Des chercheurs du MIO (Institut Méditerranéen d'Océanologie) et de l'Irphé (Institut de recherche sur les phénomènes hors équilibre) se sont intéressés aux requins bleus, à l'utilisation d'aimants pour la pêche et à son impact. Ces aimants sont-ils des pièges ou ont-ils au contraire un effet répulsif sur ces prédateurs, comme on le souhaiterait ? Le requin bleu (ou peau bleue, Prionace glauca) est l'une des principales prises des pêcheries à la palangre espagnole et portugaise et est ciblé et capturé par une partie de ces pêcheries dans le nord de l'océan Atlantique. Certains bateaux capturent également l'espadon ou le requin mako sur les mêmes palangres et veulent séparer, sur ces engins de pêche, les différentes prises.
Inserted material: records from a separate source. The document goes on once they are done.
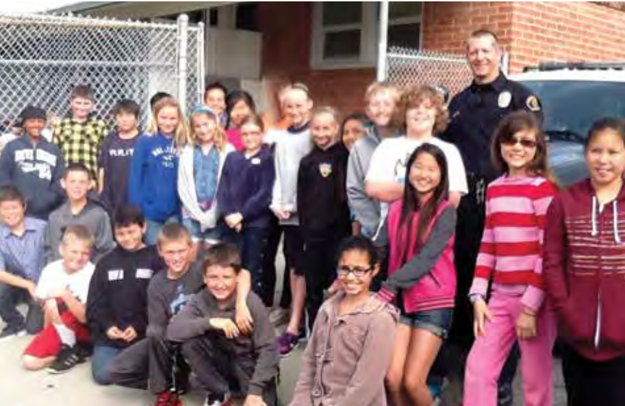
5th graders learning about a career in law enforcement.

All of our Tidalwaves have what it takes to attend college, pursue an inspiring career and enjoy a bright future!
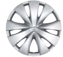
14" steel wheels
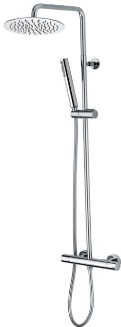
Immagine Prodotto - Product Image

настенная колонна из латуни Ø 20 мм – Душ TETIS Ø300 мм - ZEN Ручная лейка - держатель для лейки поворотный - Шланг латунный дв.фальцевания 150 см 1/2" FF конус - Смеситель термостатический с встроенным переключателем
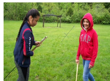
Many find it very challenging to use an atlatl.
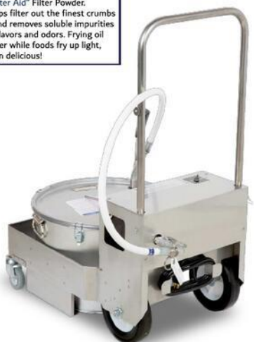
Model BD505 & model BD707 with drain filter for fryers with drain valves.

When using the MiROil Filter Machines, be sure to use Frypowder® "Antioxidant Adsorbent & Filter Aid" Filter Powder. Frypowder® helps filter out the finest crumbs and sediment and removes soluble impurities that cause off-flavors and odors. Frying oil stays fresh longer while foods fry up light, crisp, and golden delicious!

D'autres ne pêchent que l'espadon ou le requin bleu. Mais ce dernier subit une forte pression par la pêche depuis plusieurs années, en faisant une espèce de requins menacée.
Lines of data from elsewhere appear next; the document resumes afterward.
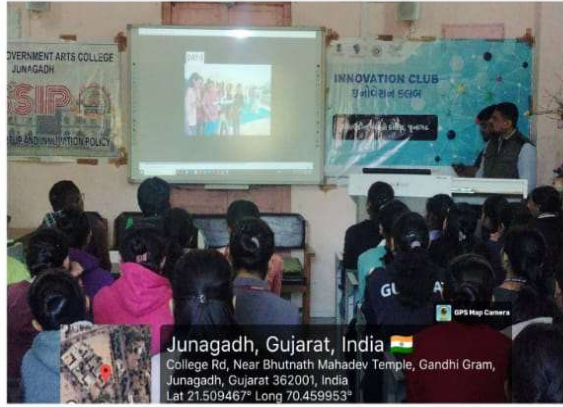
Junagadh, Gujarat, India College Rd, Near Bhutnath Mahadev Temple, Gandhi Gram, Junagadh, Gujarat 362001, India Lat 21.509467° Long 70.459953°
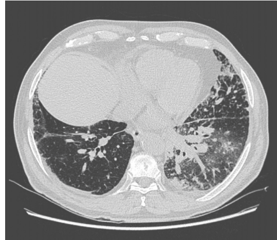
FIGURE 1: Computed tomography of chest showing transverse view of lungs with multiple patchy ground glass opacities with predominant lower lobe involvement, more than a month after initial presentation.

Then, he developed bilateral metacarpophalangeal swelling and pain and swelling. To treat LIP, he was started on oral prednisone at a dose of 20 mg/day (0.25 mg/kg). His joint symptoms improved markedly. A laboratory workup was positive for the SSA antibody, and he was diagnosed with Sjögren's syndrome. His CRP was elevated (191 mg/l) and complement levels were low (C3 and C4, 40 mg/dl and 1 mg/dl, respectively). He tested negative for anti-SSB, anti-Jo-1, anti Scl-70, anti-neutrophil cytoplasmic, and
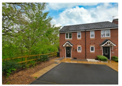
29 Hitchens Way, Highley, Bridgnorth
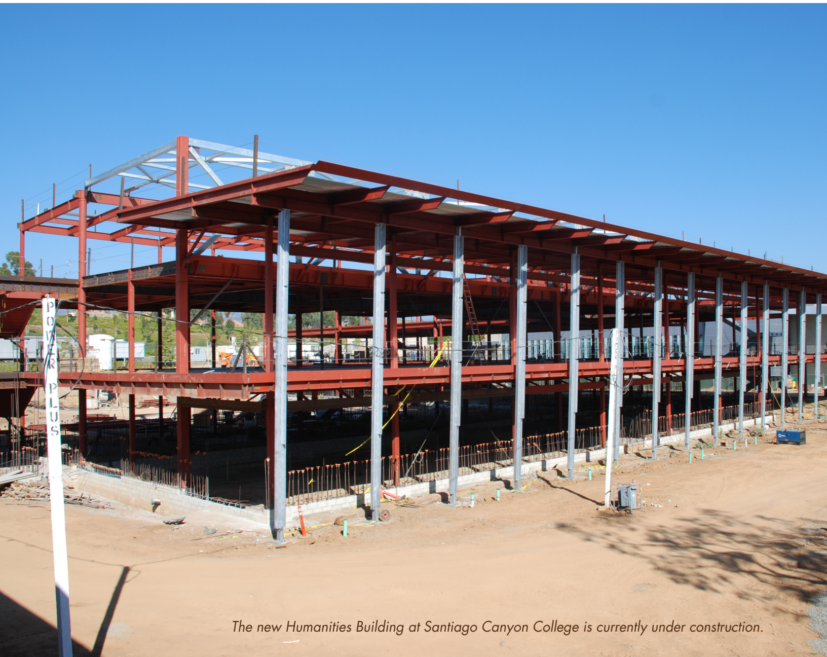
The new Humanities Building at Santiago Canyon College is currently under construction.

Les requins localisent leurs proies à l'aide, entre autres, d'un organe appelé ampoules de Lorenzini. Ils possèdent en effet un système de capteurs électro-sensoriels complexe, relié à des récepteurs positionnés autour du museau et de la tête et utilisent cet organe pour détecter les proies, car tout être vivant produit un faible champ magnétique.
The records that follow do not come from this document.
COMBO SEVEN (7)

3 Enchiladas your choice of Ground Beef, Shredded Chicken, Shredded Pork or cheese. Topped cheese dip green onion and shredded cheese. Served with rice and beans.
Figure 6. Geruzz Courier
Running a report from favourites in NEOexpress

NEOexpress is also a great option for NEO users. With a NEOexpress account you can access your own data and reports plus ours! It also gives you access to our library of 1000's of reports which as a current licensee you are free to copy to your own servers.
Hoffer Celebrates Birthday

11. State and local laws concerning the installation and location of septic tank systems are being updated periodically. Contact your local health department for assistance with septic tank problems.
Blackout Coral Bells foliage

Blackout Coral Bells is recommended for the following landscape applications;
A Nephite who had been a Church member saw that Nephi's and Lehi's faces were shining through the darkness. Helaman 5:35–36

Un hameçon équipé d'un aimant. © Christophe Almarcha

Les requins ne sont en général pas repoussés par les aimants

L'hypothèse d'utiliser des aimants comme répulsif pour les pêcheries de requins a déjà été envisagée dans de précédents articles comme mesure de conservation. Mais aucune expérience n'avait été faite en situation réelle de pêche dans ce cadre en Atlantique nord-est. Dans cette étude, nous avons testé pendant trois jours dans des conditions réelles de pêche, deux modèles d'aimants en néodyme à haute résistance dans le temps et à puissance magnétique élevée.

Les résultats de nos tests ont montré que les aimants non seulement ne réduisent pas les captures mais ont un effet attractif. Ce résultat est significativement plus élevé pour le modèle de grand aimant testé, de 2,6 cm x 1,1 cm x 1,2 cm, générant un champ de 0,885 tesla. Ce résultat en rejoint d'autres, obtenus sur d'autres espèces en bassin ou bien en mer mais avec des palangres expérimentales. Une seule autre étude a été menée en conditions réelles de pêche, au Canada, sur le requin mako, avec une conclusion identique : les requins sont attirés par les aimants.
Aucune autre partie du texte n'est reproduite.